As for whether there is anything to be salvaged from the academic contributions of De Man, while Barish is reluctant to give the man any benefit of the doubt she suggests in her epilog that his skepticism about language and meaning was liberating to a generation desiring racial and gender liberation and who were seeking weapons against cant and prejudice. The difference is that these people fighting for the recognition of their humanity redeemed De Man's thought through a conviction and commitment that De Man displayed little of in the first half of his adult life; one suspects that Barish finds this to be insufficient recompense for what were at least major systemic errors in judgement.

The one thing that gives me some pause is, as has been suggested elsewhere, that the author seems to have a major issue with De Man (they were colleagues at one point), as if being angry over having been taken in by the man's undoubted charisma. I could have also passed on some of the neo-Freudian imagery Barish deploys at some points in the book.

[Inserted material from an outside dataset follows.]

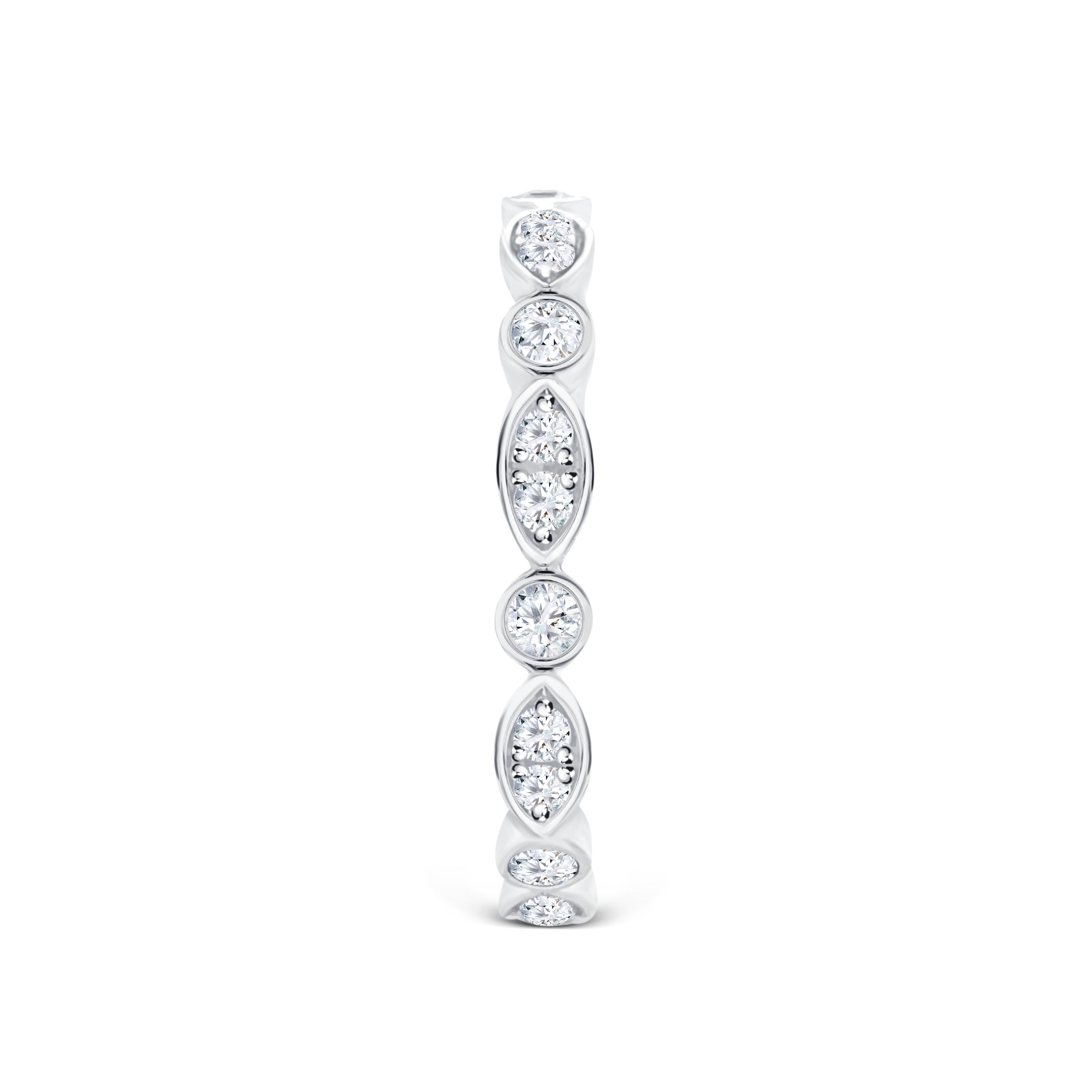 The Felicity wedding band in 18ct white gold features a beautiful fancy bead-set design, showcasing a total diamond weight of 0.40ct. With its refined elegance, this ring is a timeless symbol of your love and commitment.

Originally written: August 19, 2014.
Profile Image for Jake Fuchs.
Author 5 books4 followers
April 15, 2014
Readers who know more about de Man's life than I do have found errors in Barish's bio, which contains much awkward writing. Often some person of importance is mentioned briefly in the middle of a long paragraph and then becomes the subject of a new paragraph several, sometimes many, pages on, and the reader is left adrift.

But this book is still very much worth reading by anyone interested not solely in de Man but in 1930s Europe or 1950s academe in America or several other subjects. There are hundreds of characters and she may be pardoned for failing to introduce each one with care. No one that I know about has questioned what Barish presents as the truth concerning activities as a collaborator and his record as a white-collar crook. I feel that she is fair to him.
Profile Image for D.A..
86 reviews14 followers
October 10, 2014
When I was an undergraduate student at Bard there were a certain few professors who taught the style of their former colleague Paul De Man. As a group they seemed the most cultured and affected of the faculty, and I think of them as willing victims of what some now call an affinity crime: Paul de Man was their best mirrored reflection.

Deconstruction is necessary to prevent the living from idolizing the works of the dead, and it is fitting and proper that Ms Barish has, by a resolute resort to fact and memory, rendered this man down from idol to sham.